The data Start Marker
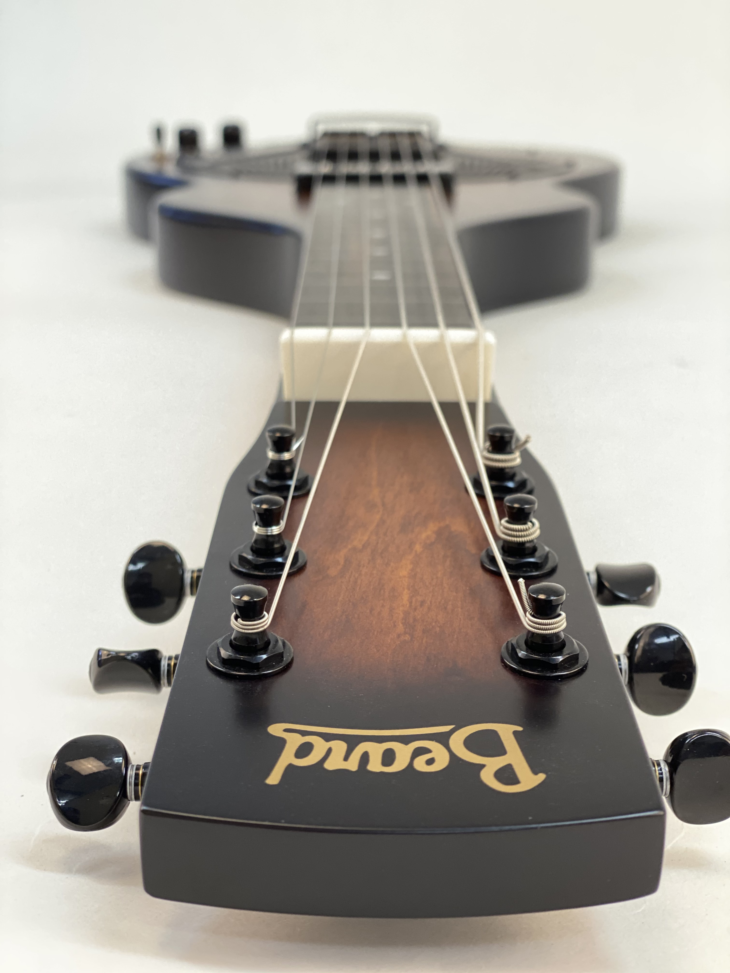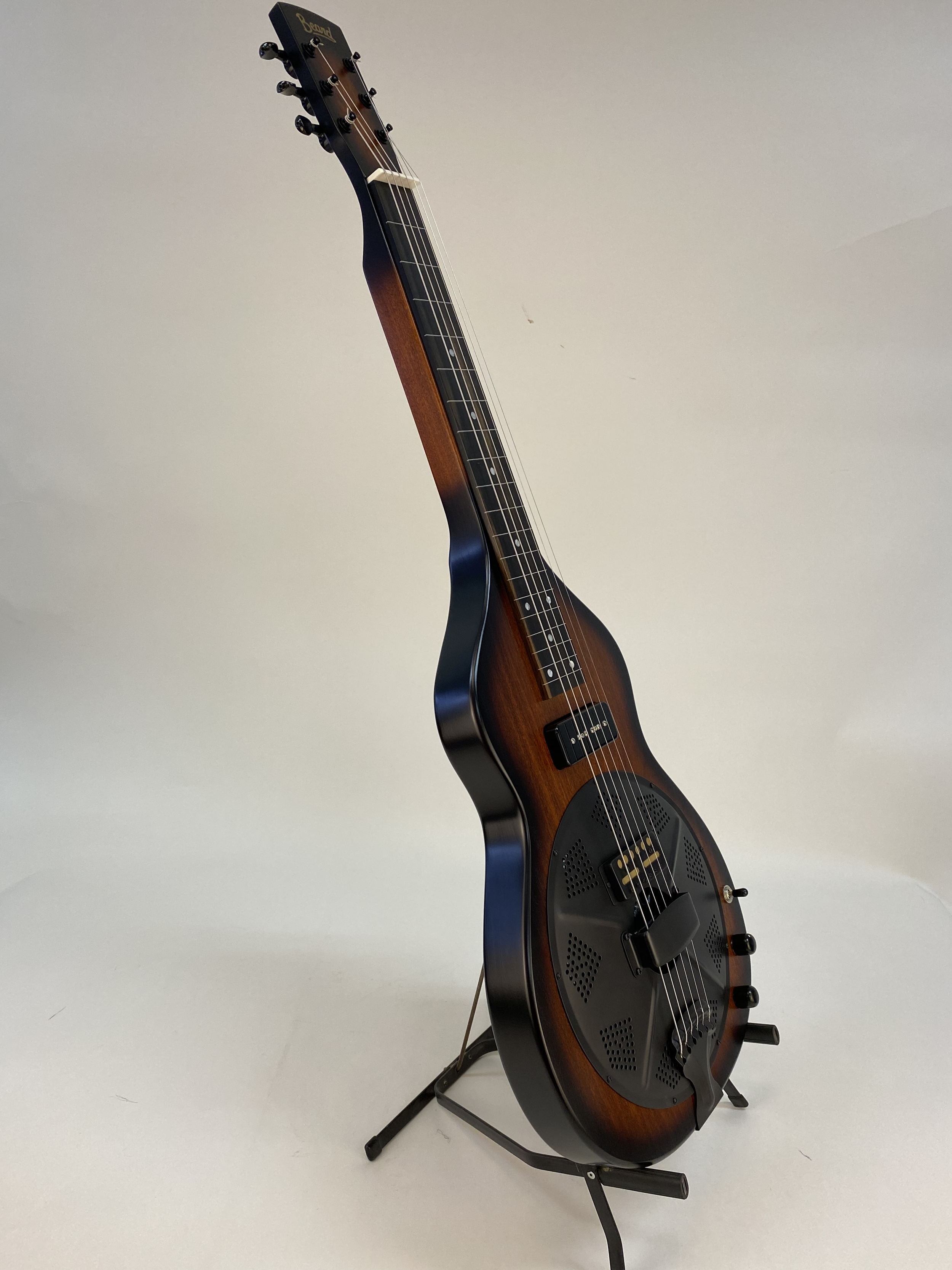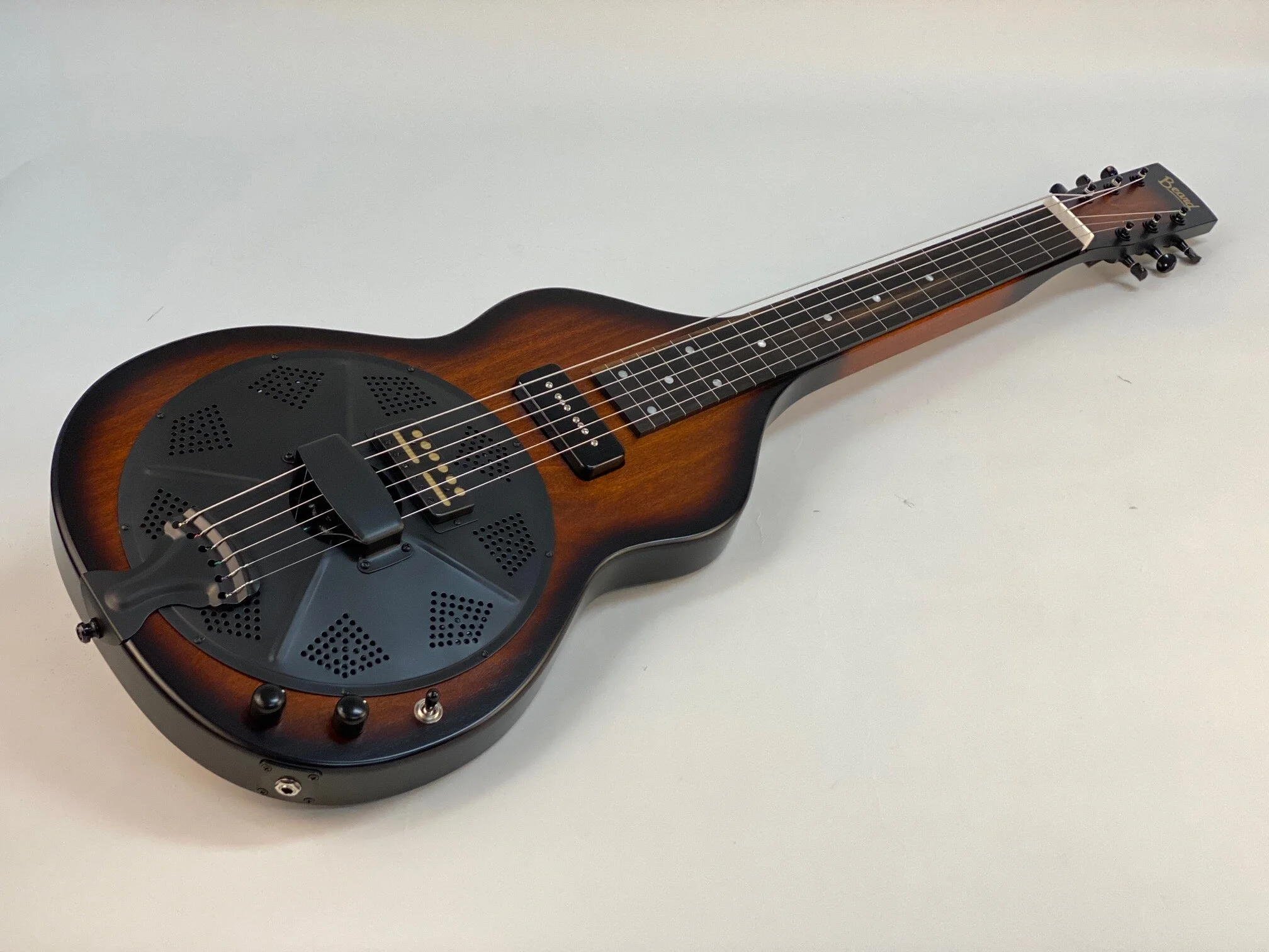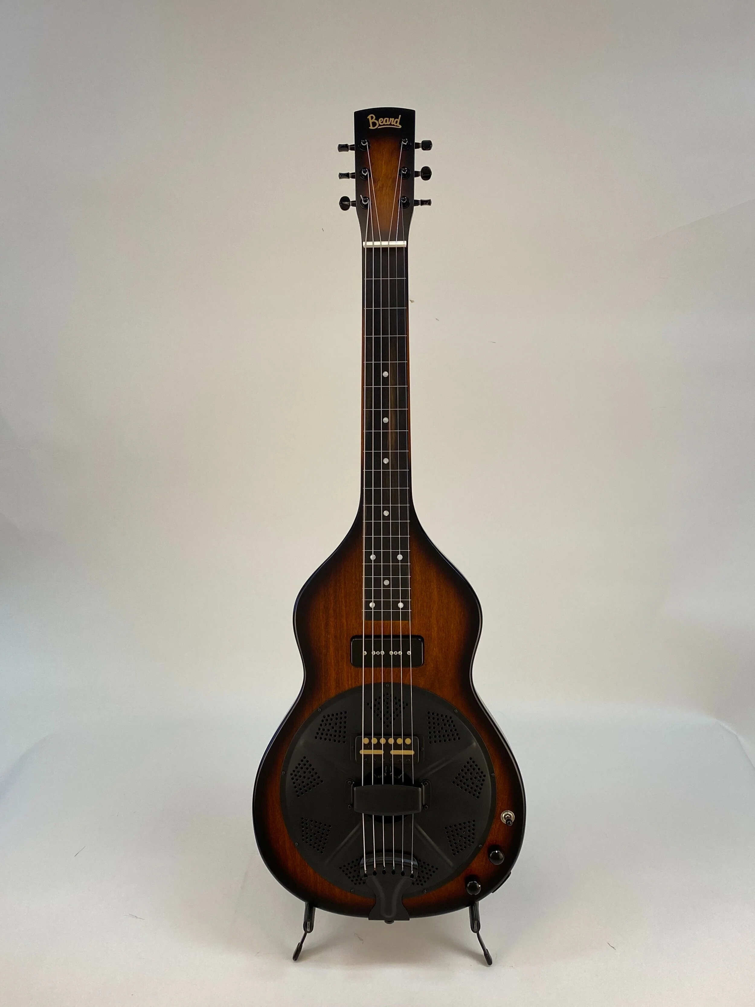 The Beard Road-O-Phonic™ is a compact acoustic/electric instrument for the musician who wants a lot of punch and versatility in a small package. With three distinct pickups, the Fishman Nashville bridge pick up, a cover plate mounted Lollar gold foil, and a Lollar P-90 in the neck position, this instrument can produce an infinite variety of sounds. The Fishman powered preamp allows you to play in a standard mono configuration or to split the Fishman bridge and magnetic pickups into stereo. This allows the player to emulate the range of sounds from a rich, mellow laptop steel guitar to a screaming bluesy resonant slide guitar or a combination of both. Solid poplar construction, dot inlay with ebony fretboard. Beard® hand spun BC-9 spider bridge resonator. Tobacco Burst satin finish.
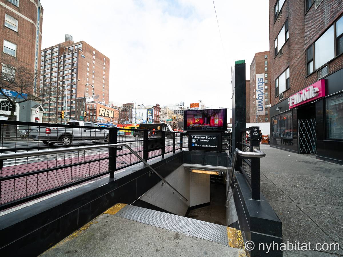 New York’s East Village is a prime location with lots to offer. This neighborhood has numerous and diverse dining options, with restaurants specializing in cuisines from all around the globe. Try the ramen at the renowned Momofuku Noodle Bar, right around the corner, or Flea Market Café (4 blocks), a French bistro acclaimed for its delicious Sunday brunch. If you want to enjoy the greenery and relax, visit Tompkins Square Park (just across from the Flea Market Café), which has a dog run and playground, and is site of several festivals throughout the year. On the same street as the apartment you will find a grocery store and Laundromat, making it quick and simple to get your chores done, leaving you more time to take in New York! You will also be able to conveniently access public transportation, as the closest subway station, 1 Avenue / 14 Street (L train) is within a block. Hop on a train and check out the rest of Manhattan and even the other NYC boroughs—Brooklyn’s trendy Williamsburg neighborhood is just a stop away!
The data End Marker
The data Start Marker
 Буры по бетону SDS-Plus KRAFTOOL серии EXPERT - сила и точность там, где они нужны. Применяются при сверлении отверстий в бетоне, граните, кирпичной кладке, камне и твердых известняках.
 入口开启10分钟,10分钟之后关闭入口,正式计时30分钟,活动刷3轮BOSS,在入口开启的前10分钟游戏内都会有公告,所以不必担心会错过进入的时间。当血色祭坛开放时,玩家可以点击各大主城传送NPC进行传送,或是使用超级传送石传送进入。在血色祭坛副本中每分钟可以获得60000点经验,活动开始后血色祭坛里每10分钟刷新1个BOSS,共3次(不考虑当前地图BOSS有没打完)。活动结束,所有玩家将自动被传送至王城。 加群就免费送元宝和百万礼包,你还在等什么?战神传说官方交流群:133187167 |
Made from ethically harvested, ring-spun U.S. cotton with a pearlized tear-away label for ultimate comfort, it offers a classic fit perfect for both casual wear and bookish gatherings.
The data End Marker
The data Start Marker
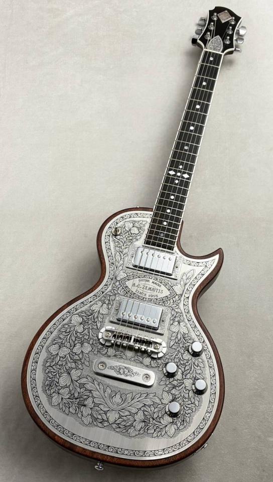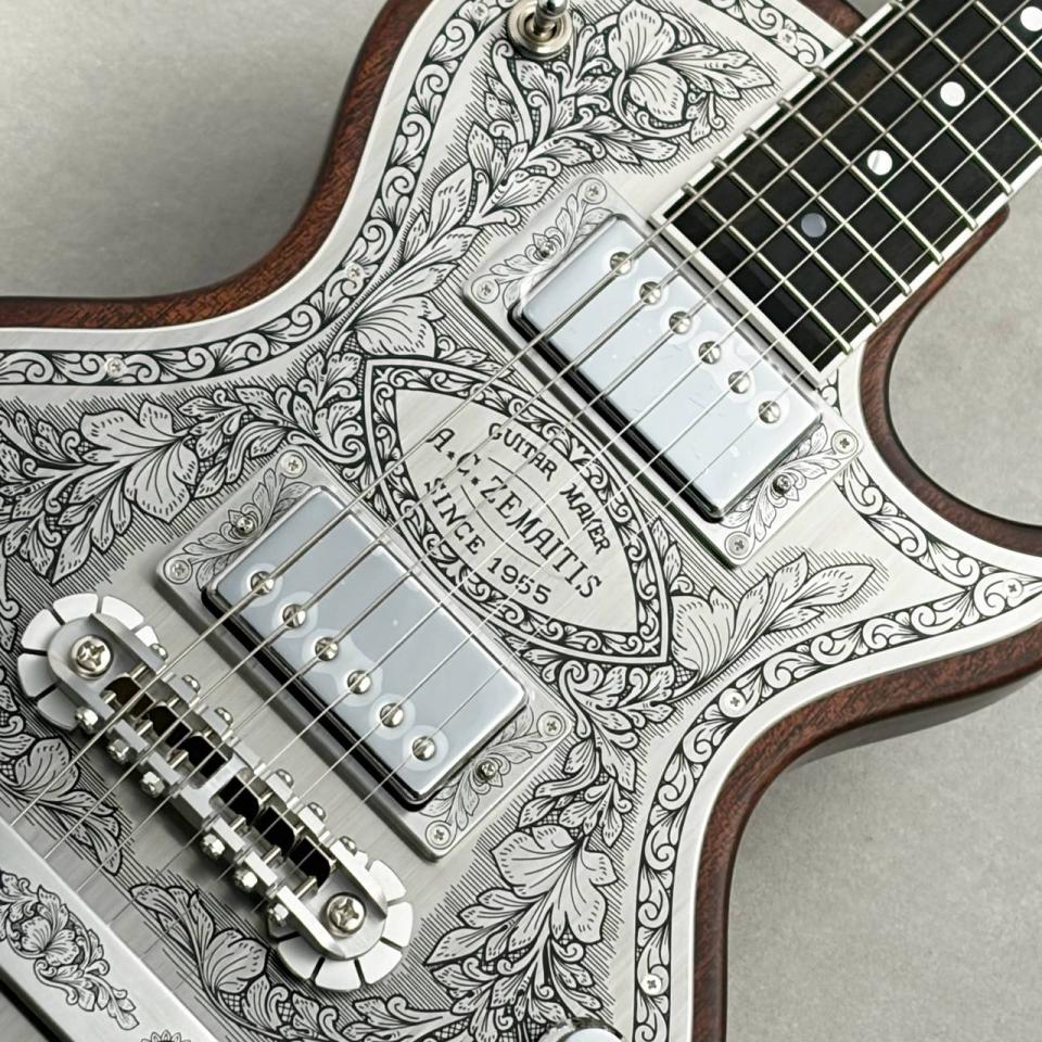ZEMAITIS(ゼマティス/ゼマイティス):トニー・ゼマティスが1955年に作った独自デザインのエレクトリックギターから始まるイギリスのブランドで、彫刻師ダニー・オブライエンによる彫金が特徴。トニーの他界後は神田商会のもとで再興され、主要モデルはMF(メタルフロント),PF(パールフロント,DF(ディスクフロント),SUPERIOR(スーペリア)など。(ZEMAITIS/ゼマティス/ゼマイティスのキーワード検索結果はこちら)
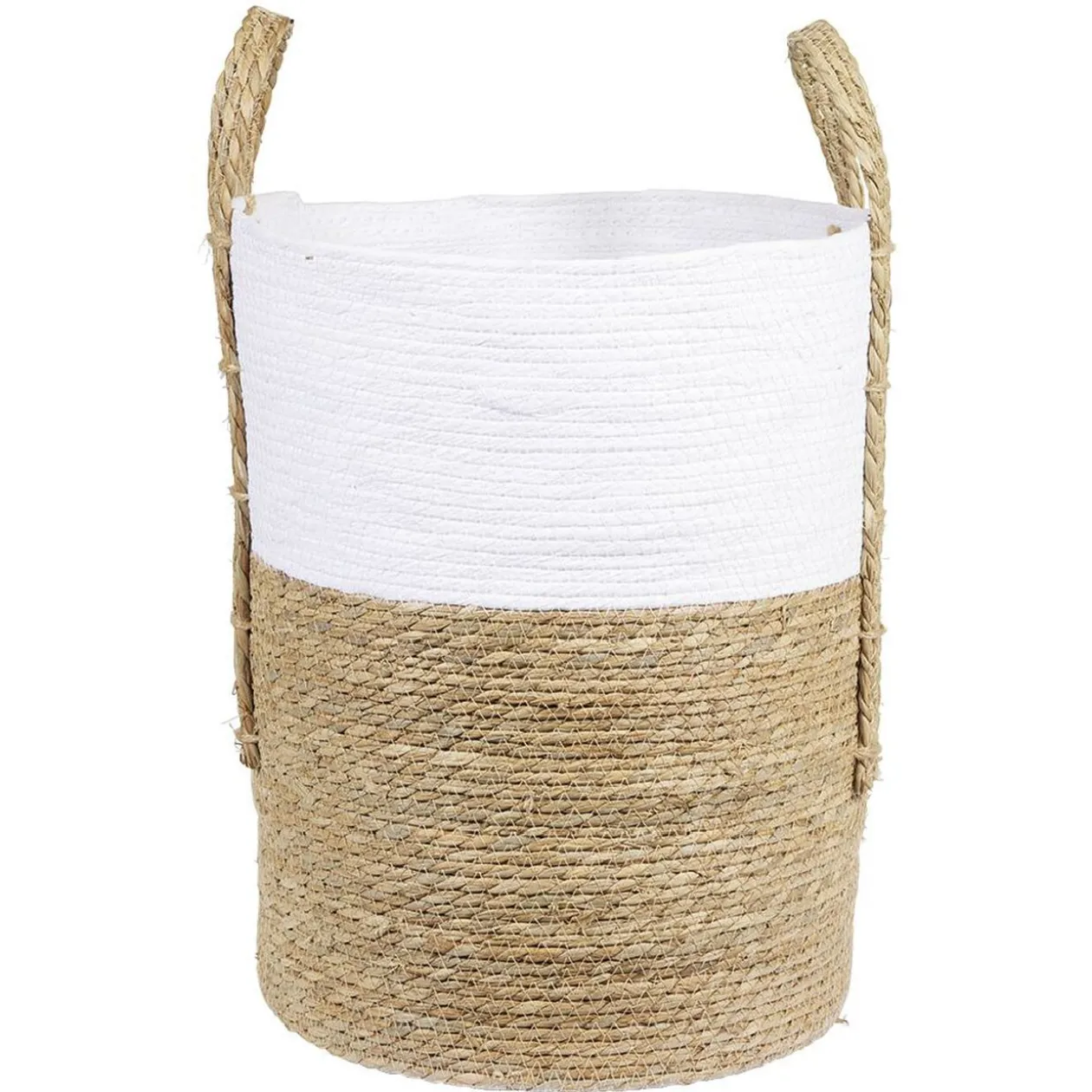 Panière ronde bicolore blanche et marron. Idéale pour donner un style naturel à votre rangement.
The data End Marker
> [What needs to be done]: The answer is the lines of the material above, from the one containing "The Beard Road-O-Phonic™" down to the one containing "New York’s East", given exactly and without images.

> [Answer for the task]:
 The Beard Road-O-Phonic™ is a compact acoustic/electric instrument for the musician who wants a lot of punch and versatility in a small package. With three distinct pickups, the Fishman Nashville bridge pick up, a cover plate mounted Lollar gold foil, and a Lollar P-90 in the neck position, this instrument can produce an infinite variety of sounds. The Fishman powered preamp allows you to play in a standard mono configuration or to split the Fishman bridge and magnetic pickups into stereo. This allows the player to emulate the range of sounds from a rich, mellow laptop steel guitar to a screaming bluesy resonant slide guitar or a combination of both. Solid poplar construction, dot inlay with ebony fretboard. Beard® hand spun BC-9 spider bridge resonator. Tobacco Burst satin finish.
 New York’s East Village is a prime location with lots to offer. This neighborhood has numerous and diverse dining options, with restaurants specializing in cuisines from all around the globe. Try the ramen at the renowned Momofuku Noodle Bar, right around the corner, or Flea Market Café (4 blocks), a French bistro acclaimed for its delicious Sunday brunch. If you want to enjoy the greenery and relax, visit Tompkins Square Park (just across from the Flea Market Café), which has a dog run and playground, and is site of several festivals throughout the year. On the same street as the apartment you will find a grocery store and Laundromat, making it quick and simple to get your chores done, leaving you more time to take in New York! You will also be able to conveniently access public transportation, as the closest subway station, 1 Avenue / 14 Street (L train) is within a block. Hop on a train and check out the rest of Manhattan and even the other NYC boroughs—Brooklyn’s trendy Williamsburg neighborhood is just a stop away!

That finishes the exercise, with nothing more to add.